I have worked in environments (in Unix) where the entire tool chain,
along with compilers, system headers and libraries, standard utilities,
and everything, were checked in and run in a chroot environment.  I have
personally version controlled the hardware, though not with CVS...  (Sound
crazy?  Try building a product from scratch that's bug-for-bug identical to
an earlier release after upgranding an operating system, then have the
customer test it on an old installation.  Believe me, it's far preferable
to keep old build machines in mothballs.)

>Sometimes it's okay for binary components and tools to come from
>outside of the version control system, subject to some constraints like
>``requires glibc 2.1.3 or later, and Linux kernel 2.4.43 or later''.

Control what you can, remember what you can't.  If you can match the
proper tool chain with the source code then you don't have to check in the
tools.  Some people find it easier to check them in.

My preference is to check in third-party products that contribute to the
product in the way that source code does.  Stuff like the tool chain and
the OS I'm content to remember in the form of version numbers collected
in a file that can be diff'ed at a later time.  Whenever a build runs,
it's sometimes useful to diff such data with that from the prior build to
detect changes to the build environment.  When reproducing an old build,
I collect the data from the build host and compare it with that collected
by the original build and flag differences as warnings.

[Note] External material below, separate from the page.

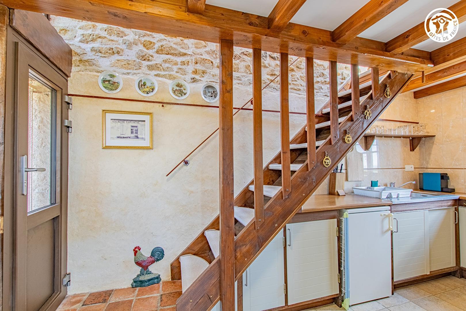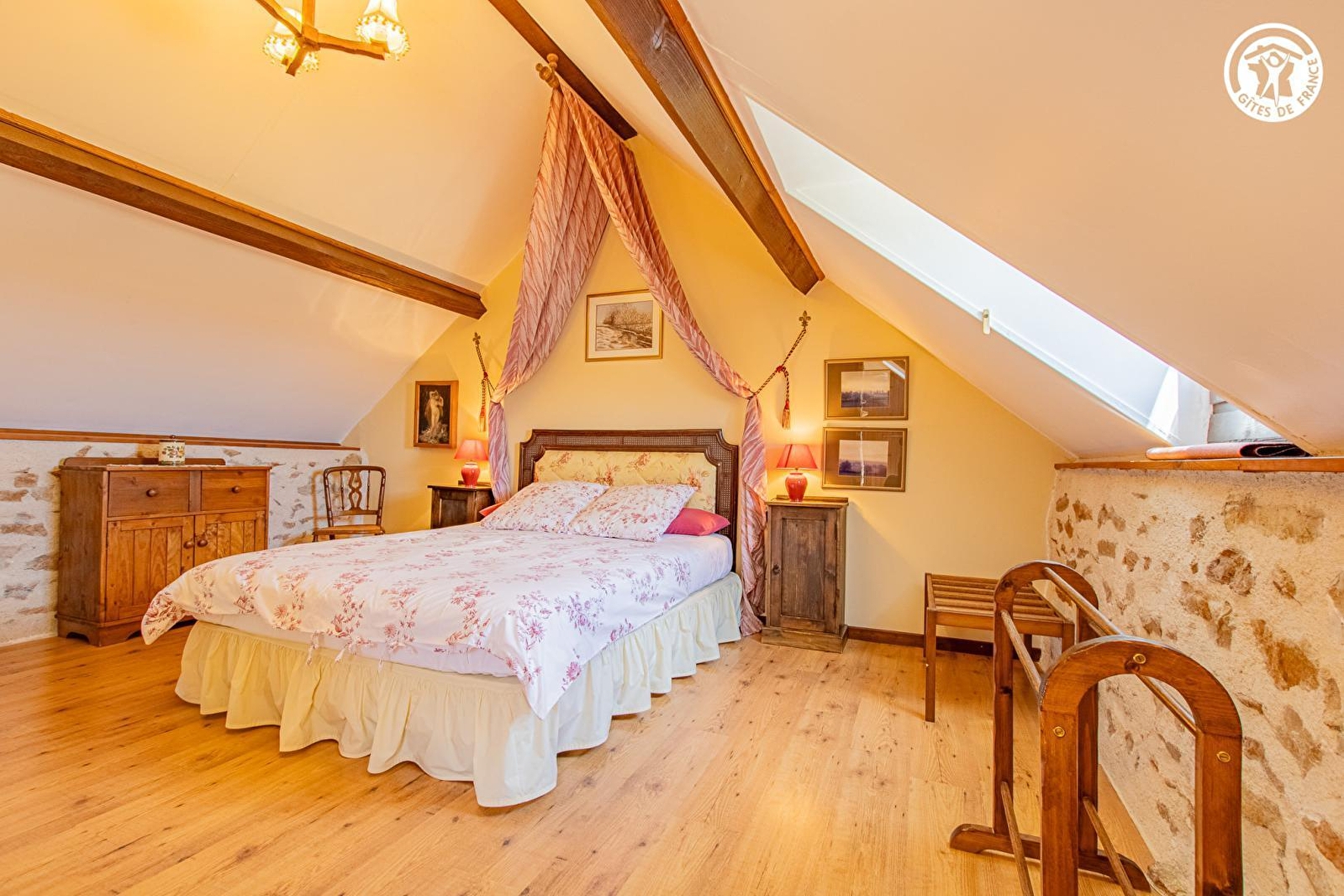 Composition : Gîte mitoyen à résidence secondaire des propriétaires (totale indépendance dans aile du bâtiment). Wifi. Chauffage électrique + poêle à bois. Gîte au 1er étage (accès de plain-pied). Rdc : cuisine, séjour-salon. 1er étage : chambre (lit 2p. 150x200cm), salle d'eau (douche/Wc). Balcon-terrasse + jardin (espace réservé) + abri couvert voitures + local vélos + parking privés. Accès en commun à l'intégralité de la propriété (dont terrain pétanque & mini bassin). Commodités dont supermarché à 9 km.

The data that I collect include things like the following:
- The output of uname to get the OS major and minor version numbers.
- A list of patches that have been applied to the machine.
- Mount points, including automounts.
- A list of installed packages and versions installed on the machine.
- For tools not installed with the OS or in packages (e.g. Gnu tools), the
  version number as produced by a command line option.  If no such option
  is available then I use a checksum.  Ditto for libraries that I link with.

Though I have not needed to track the following, I can see some value in
doing so:
- Sizes of memory, swap, and temp partitions.
- License keys.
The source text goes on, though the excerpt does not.